I encourage you to read (or re-read) the whole thing, but I will include the last section here because it is most relevant to the topic of this post. It is a section not for statisticians, but directed toward those working with statisticians. I think it’s fair to take this as evidence of the widespread nature of problems like those that come up around declining co-authorship. Unfortunately, I don’t think the guidelines are widely read, acknowledged, or followed by non-statisticians, and it often doesn’t get enough traction when preached from statisticians themselves. Regardless, here it is — to read and to share [boldface is mine]:

Responsibilities of Employers, Including Organizations, Individuals, Attorneys, or Other Clients Employing Statistical Practitioners Those employing any person to analyze data are implicitly relying on the profession’s reputation for objectivity. However, this creates an obligation on the part of the employer to understand and respect statisticians’ obligation of objectivity.
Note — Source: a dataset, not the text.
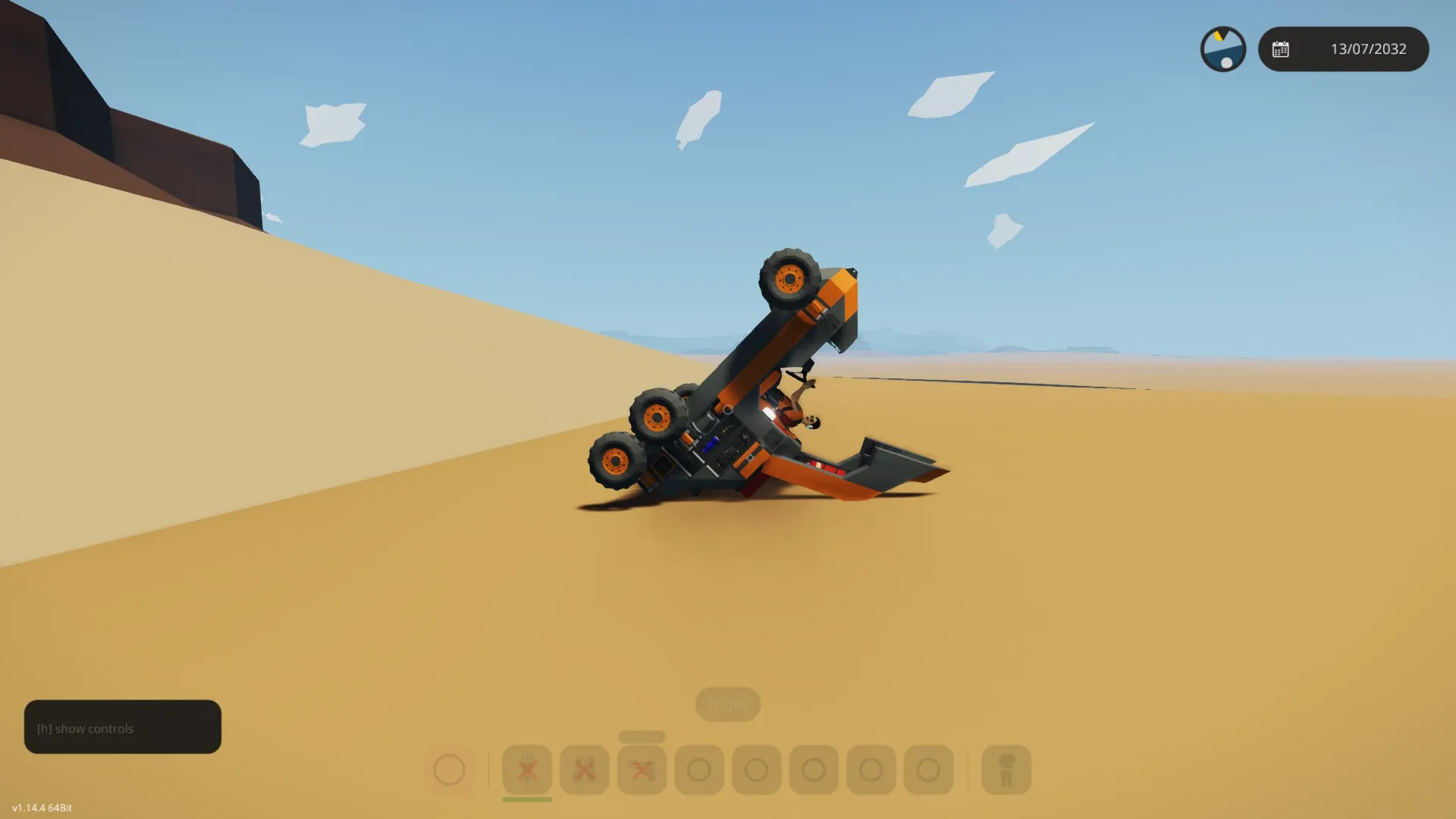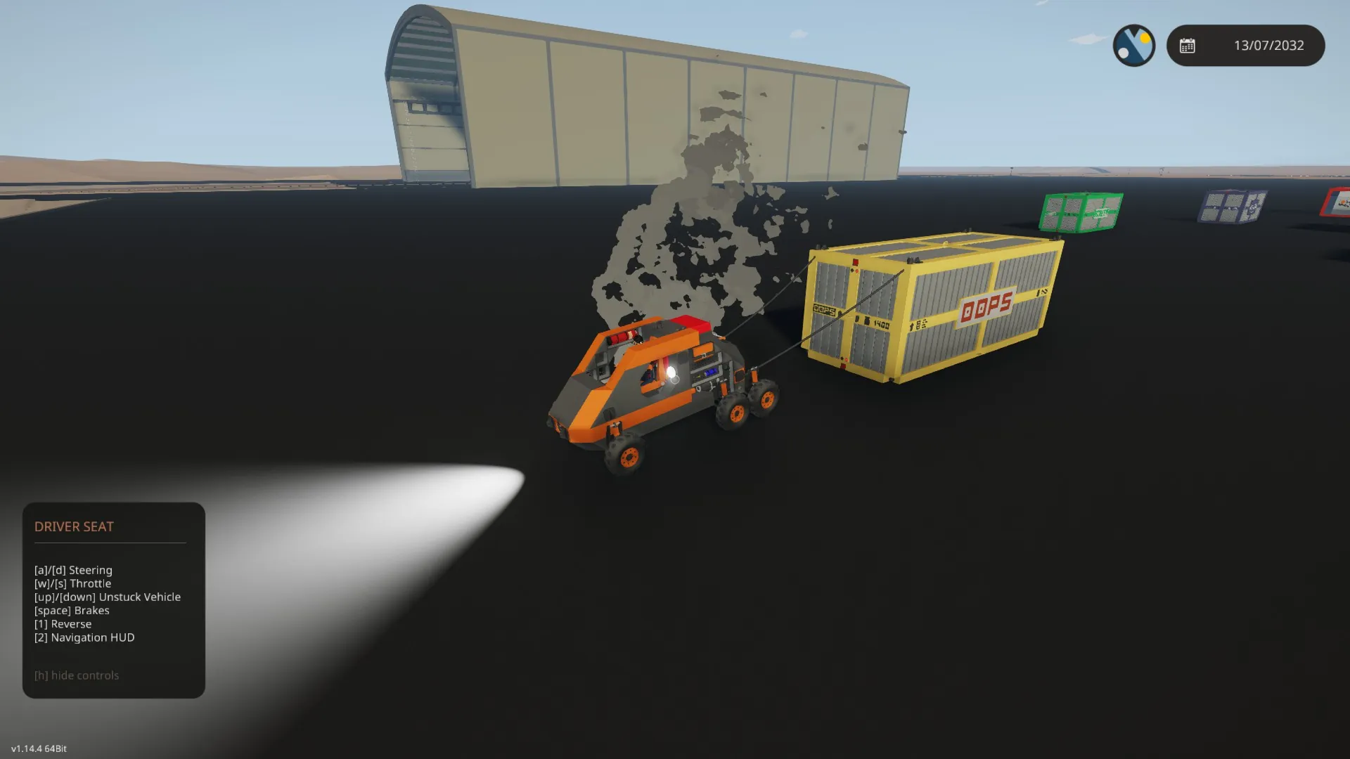 - When turned on the side, try to put it on the roof: Take a rope and attach it on the rope anchor in the middle on the side (the only one facing up). Walk backwards where the roof faces until reached rope max length. Then, gently pull on it, to rotate it on the roof. Enter the driver seat and use the arrows to turn the vehicle back on the wheels.

  1. Recognize that the ethical guidelines exist and were instituted for the protection and support of the statistician and the consumer alike. 
  2. Maintain a working environment free from intimidation, including discrimination based on personal characteristics; bullying; coercion; unwelcome physical (including sexual) contact; and other forms of harassment.
  3. Recognize that valid findings result from competent work in a moral environment. Employers, funders, or those who commission statistical analysis have an obligation to rely on the expertise and judgment of qualified statisticians for any data analysis. This obligation may be especially relevant in analyses known or anticipated to have tangible physical, financial, or psychological effects.
  4. Recognize the results of valid statistical studies cannot be guaranteed to conform to the expectations or desires of those commissioning the study or the statistical practitioner(s)
  5. Recognize it is contrary to these guidelines to report or follow only those results that conform to expectations without explicitly acknowledging competing findings and the basis for choices regarding which results to report, use, and/or cite.
  6. Recognize the inclusion of statistical practitioners as authors or acknowledgement of their contributions to projects or publications requires their explicit permission because it implies endorsement of the work.
  7. Support sound statistical analysis and expose incompetent or corrupt statistical practice. 
  8. Strive to protect the professional freedom and responsibility of statistical practitioners who comply with these guidelines.
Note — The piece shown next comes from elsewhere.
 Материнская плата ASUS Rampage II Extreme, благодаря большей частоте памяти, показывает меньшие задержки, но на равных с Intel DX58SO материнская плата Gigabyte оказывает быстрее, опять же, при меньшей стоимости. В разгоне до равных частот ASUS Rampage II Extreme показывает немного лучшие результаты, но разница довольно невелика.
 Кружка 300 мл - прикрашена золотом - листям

There is nothing about a responsibility of statisticians to compromise their professional integrity to help the careers of other scientists. Period. If you are a statistician, stand up for your professional opinions. You have an ethical responsibility to do so. Something is wrong if you are feeling pressured to “sign off” on work you don’t agree with. If you are someone working with statisticians, please respect their professional opinion and their responsibility to according to the guidelines and their own internal ethics-meter (which may differ by individual). Statisticians should be able to do their jobs without being placed in ethical dilemmas daily — or forced to compromise their ethics to maintain productive professional relationships and collaborations. If they choose not to be a co-author on your work, respect that decision — and reflect hard on why they are making that decision.
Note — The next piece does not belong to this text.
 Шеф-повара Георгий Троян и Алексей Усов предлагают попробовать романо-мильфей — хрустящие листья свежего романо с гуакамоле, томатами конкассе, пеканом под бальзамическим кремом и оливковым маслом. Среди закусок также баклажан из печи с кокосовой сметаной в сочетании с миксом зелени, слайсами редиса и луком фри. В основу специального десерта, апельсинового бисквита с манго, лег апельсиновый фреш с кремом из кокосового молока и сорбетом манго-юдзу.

Individual differences in ethics-meters and gray area

There are some actions we can all agree are professional unethical (like manufacturing data or knowingly presenting results that are misleading). But like it or not, there is a lot of gray area within the practice of using statistical methods to make inferences. What feels inappropriate, under justified, or even unethical to me because of my understandings, experiences, and philosophies, may not feel the same to a colleague of mine. This is something I have spent a lot of time agonizing over and trying to come to terms with.

Things are rarely black and white, as much as we would like them to be so. I am not so sure of the superiority of my gray-area feelings over those of others that I expect others to move in my direction, but I also should not be expected to move in their direction. Fear of appearing overly critical and judgmental kept me more silent than it should have for many years. I fought to turn down the volume on my own ethics/integrity meter because I was constantly sent the message by others that mine was too sensitive.

I think (hope) I have finally given in to accepting the volume of my meter for what it is and have changed my career to adapt to it, rather than trying to adapt to pressure to help the careers of others in ways I don’t agree with. For me, this took leaving academia and an industry position — giving up a lot of financial security. I certainly feel lighter about the present and the future, but I do still have to contend with decisions I made in the past.

Compromises

Have I compromised? Yes. Is my name on papers that I would rather it not be? Yes. During my career, I often felt cornered and pressured to be on publications or do work in a particular way I didn’t necessarily agree with — for my own career and the careers of others. I worked hard to make sure I contributed positively and openly raised any concerns I had. I made sure papers reflected some intellectual work that I was proud of, even if there were still some parts that were hard for me to swallow. And, in my collaborative work, I still declined authorship on more papers than I accepted authorship on. Some of those I declined were because I honestly did not think my level of contribution was sufficient to warrant co-authorship (another layer I didn’t get to in this post). My publication record does not represent the depth or breadth of my work with other researchers. There is probably a stronger message in my anti-publication record. I am okay with this, but for those who really want to succeed as a collaborative statistician within academia or be a successful consultant (with happy clients who return often) it can present a serious problem.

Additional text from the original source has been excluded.